Extracted data entries:

=== Section Start ===

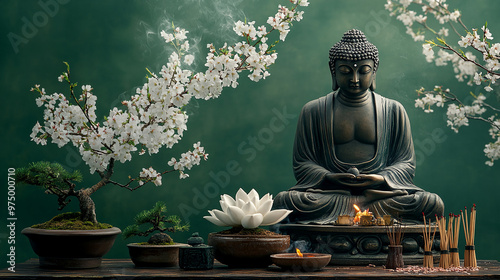 © rafliand, Fototapeta premium bodhisattva lord buddha statue monk meditating buddhism culture religion
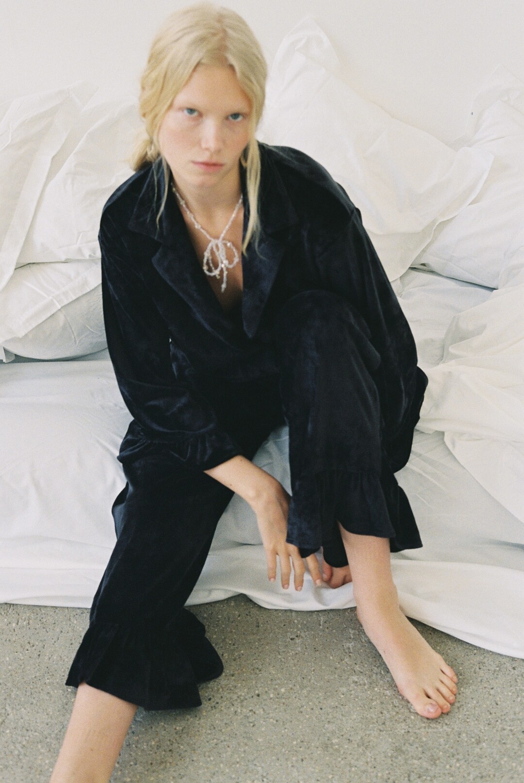 Наушники перекочевали с подиума Coperni в лукбук Chois — с их помощью прячемся от внешнего мира под тремя слоями одеяла в новой капсульной коллекции домашней одежды и нижнего белья. Наводим спальный уют при помощи мягких чепчиков, пижамных комплектов (с перышками и без) и полупрозрачных бра — идеальный тотал-лук для подушечного сражения и субботнего послеобеденного завтрака.
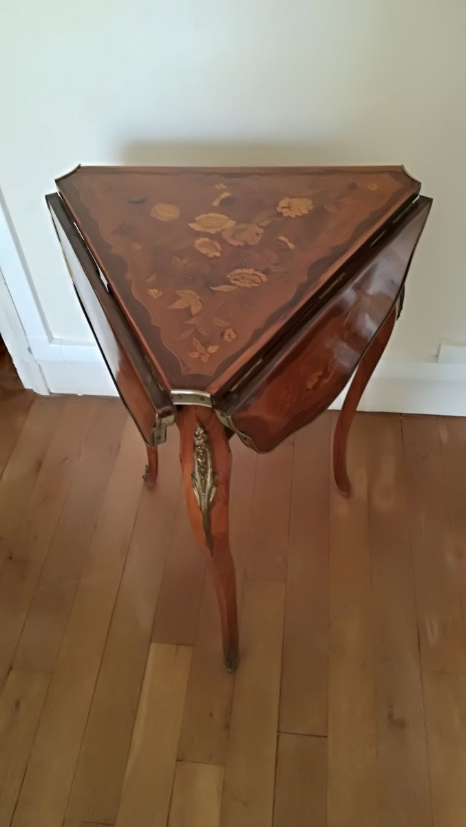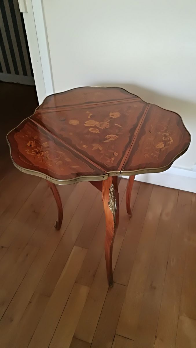 Guéridon marqueté de bois précieux exotiques, époque 20ème siècle. Possibilité d'être fermé ou ouvert.
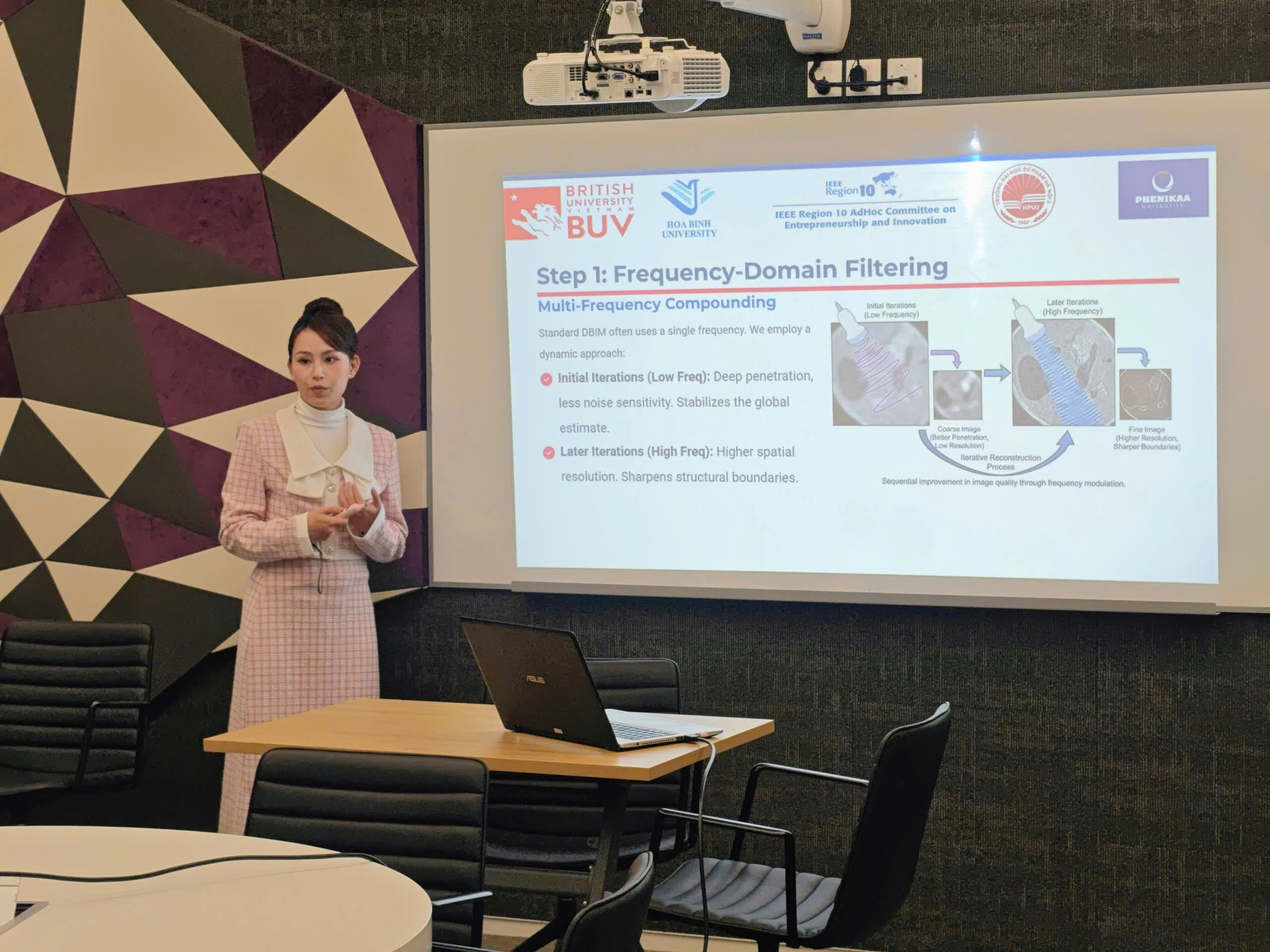 Tại phiên báo cáo kỹ thuật chiều ngày 12/12 (mã số phiên: Presentation Session 1), sinh viên Tạ Bích Hồng, lớp 524 YCT02, ngành Y học cổ truyền, Trường Đại học Hòa Bình – đại diện nhóm nghiên cứu trình bày đề tài “Lọc lai trong miền tần số và không gian nhằm tăng cường độ bền vững cho thuật toán DBIM trong chụp cắt lớp siêu âm” (“Hybrid Filtering in Frequency and Spatial Domains for Robust DBIM Ultrasound Tomography“) dưới sự hướng dẫn của TS. Lương Thị Thêu, Phó Trưởng Khoa Kinh tế và Khoa học cơ bản.
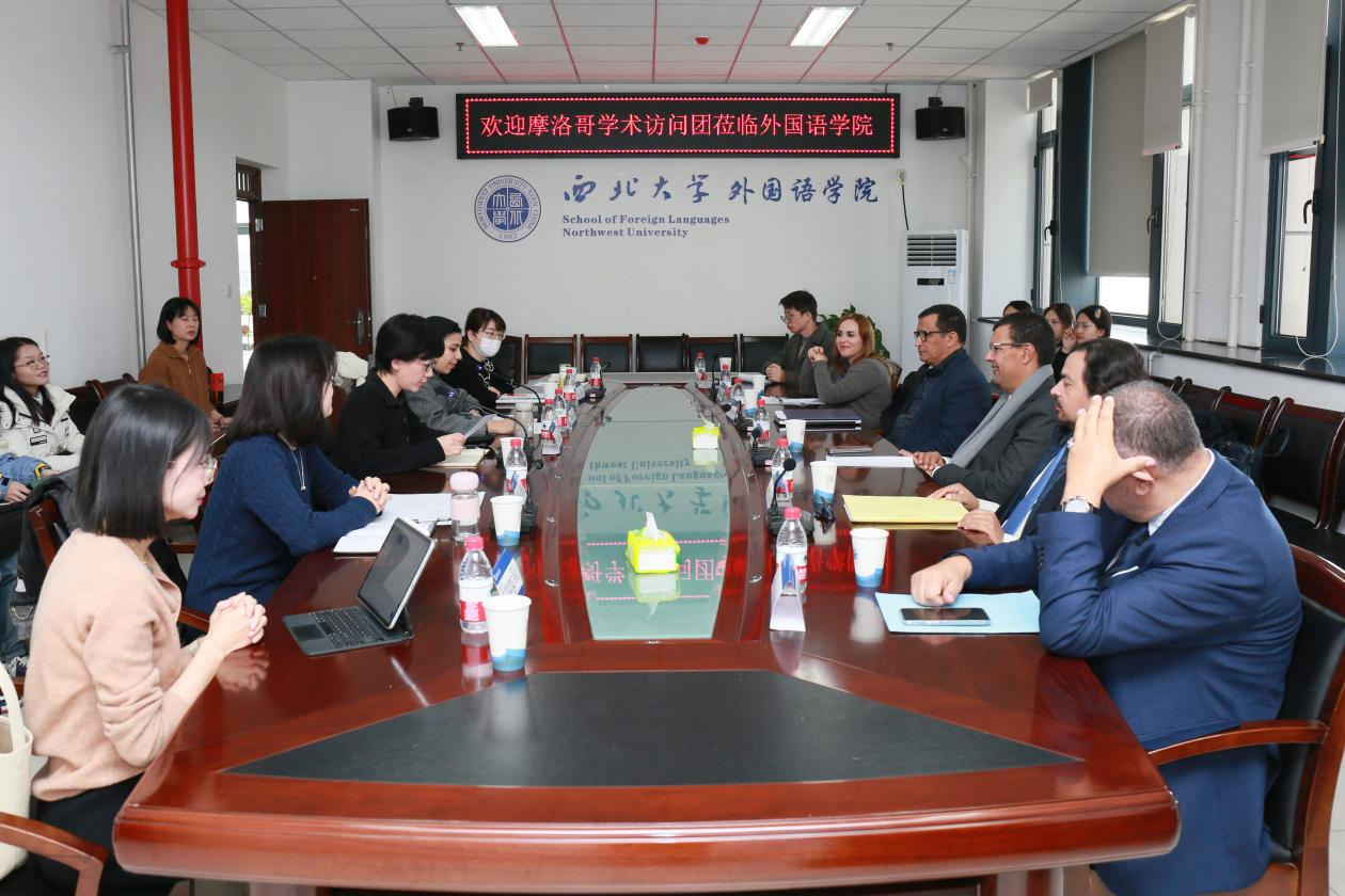 2023年12月4日下午,摩洛哥学术代表团莅临我院就区域国别研究相关议题展开座谈。代表团一行五人,由摩洛哥穆罕默德五世大学主管科学研究副校长奥马尔•哈尼什带队,成员包括穆罕默德五世大学法律、经济与社会学院萨莱校区副院长穆斯塔法•马什拉菲,穆罕默德五世大学法律、经济与社会学院萨莱校区法律系前主任德里斯•塞非阿尼,穆罕默德五世大学非洲研究所教授萨马尔•哈姆利什和阿卜杜勒-马立克•阿萨迪大学法律、经济与社会学院教授拉希德•侯代圭。座谈会由曹若男院长主持,我院北非研究团队全体教师和国别与区域方向研究生参加了座谈。

=== Section End ===

**Problem to solve**
Final task for the records above: print exactly the lines from the one that contains "Guéridon marqueté de" through the last line, both ends included, pictures excluded.

**Response to this exercise**
 Guéridon marqueté de bois précieux exotiques, époque 20ème siècle. Possibilité d'être fermé ou ouvert.
 Tại phiên báo cáo kỹ thuật chiều ngày 12/12 (mã số phiên: Presentation Session 1), sinh viên Tạ Bích Hồng, lớp 524 YCT02, ngành Y học cổ truyền, Trường Đại học Hòa Bình – đại diện nhóm nghiên cứu trình bày đề tài “Lọc lai trong miền tần số và không gian nhằm tăng cường độ bền vững cho thuật toán DBIM trong chụp cắt lớp siêu âm” (“Hybrid Filtering in Frequency and Spatial Domains for Robust DBIM Ultrasound Tomography“) dưới sự hướng dẫn của TS. Lương Thị Thêu, Phó Trưởng Khoa Kinh tế và Khoa học cơ bản.
 2023年12月4日下午,摩洛哥学术代表团莅临我院就区域国别研究相关议题展开座谈。代表团一行五人,由摩洛哥穆罕默德五世大学主管科学研究副校长奥马尔•哈尼什带队,成员包括穆罕默德五世大学法律、经济与社会学院萨莱校区副院长穆斯塔法•马什拉菲,穆罕默德五世大学法律、经济与社会学院萨莱校区法律系前主任德里斯•塞非阿尼,穆罕默德五世大学非洲研究所教授萨马尔•哈姆利什和阿卜杜勒-马立克•阿萨迪大学法律、经济与社会学院教授拉希德•侯代圭。座谈会由曹若男院长主持,我院北非研究团队全体教师和国别与区域方向研究生参加了座谈。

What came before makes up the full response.